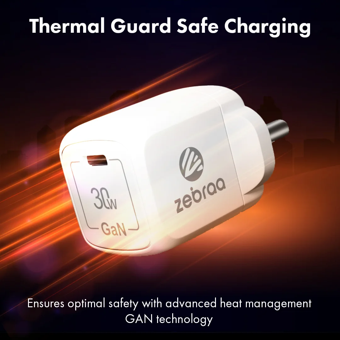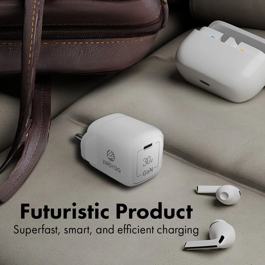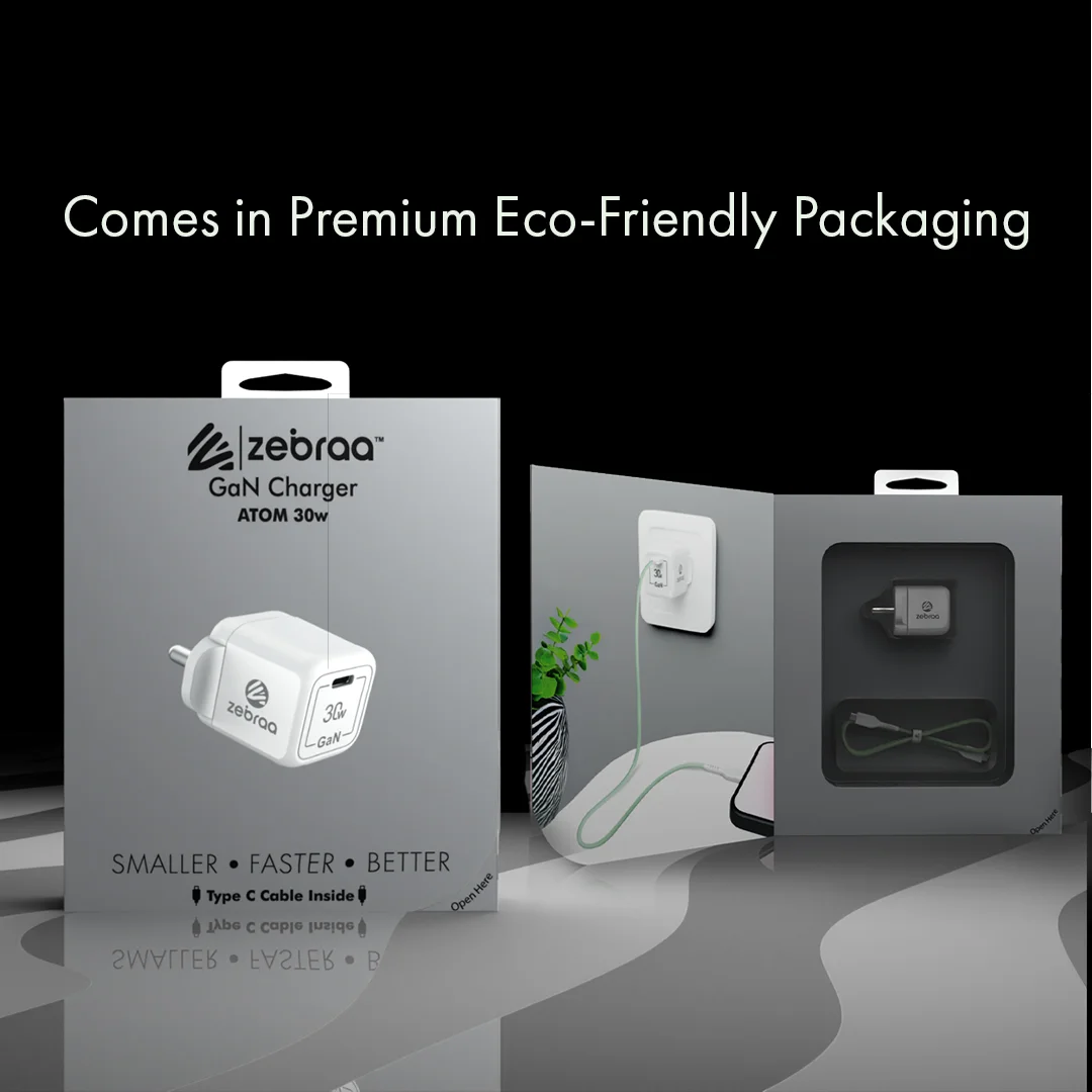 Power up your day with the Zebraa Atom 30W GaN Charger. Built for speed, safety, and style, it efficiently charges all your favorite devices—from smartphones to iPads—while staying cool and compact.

::::::::

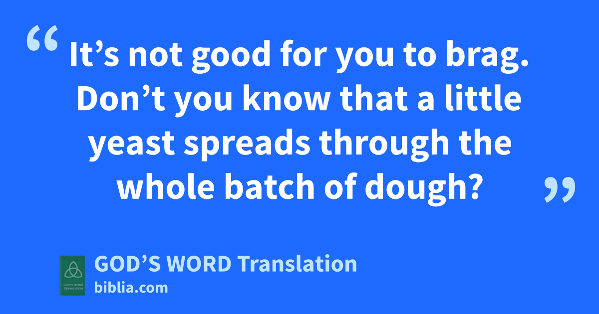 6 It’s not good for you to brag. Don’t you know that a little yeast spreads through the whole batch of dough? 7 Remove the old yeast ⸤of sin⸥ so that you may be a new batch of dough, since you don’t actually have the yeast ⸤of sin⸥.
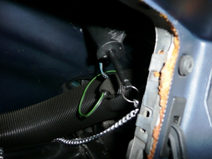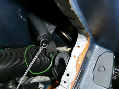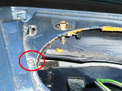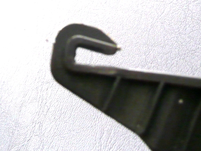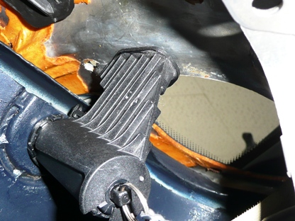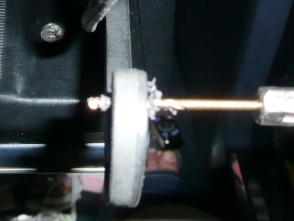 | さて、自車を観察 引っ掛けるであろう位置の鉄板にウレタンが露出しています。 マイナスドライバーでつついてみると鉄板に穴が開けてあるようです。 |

::::::::

-- TASK TO CARRY OUT --
For the material above, give again only the lines starting at the line that contains "6 It’s not good" and ending at the line that contains "引っ掛けるであろう位置の鉄板にウレタンが露出しています。 マイナスドライバーでつついてみると鉄板に穴が開けてあるようです。 |". Pictures do not belong in the copy.

-- ANSWER TO THIS TASK --
 6 It’s not good for you to brag. Don’t you know that a little yeast spreads through the whole batch of dough? 7 Remove the old yeast ⸤of sin⸥ so that you may be a new batch of dough, since you don’t actually have the yeast ⸤of sin⸥.
 | さて、自車を観察 引っ掛けるであろう位置の鉄板にウレタンが露出しています。 マイナスドライバーでつついてみると鉄板に穴が開けてあるようです。 |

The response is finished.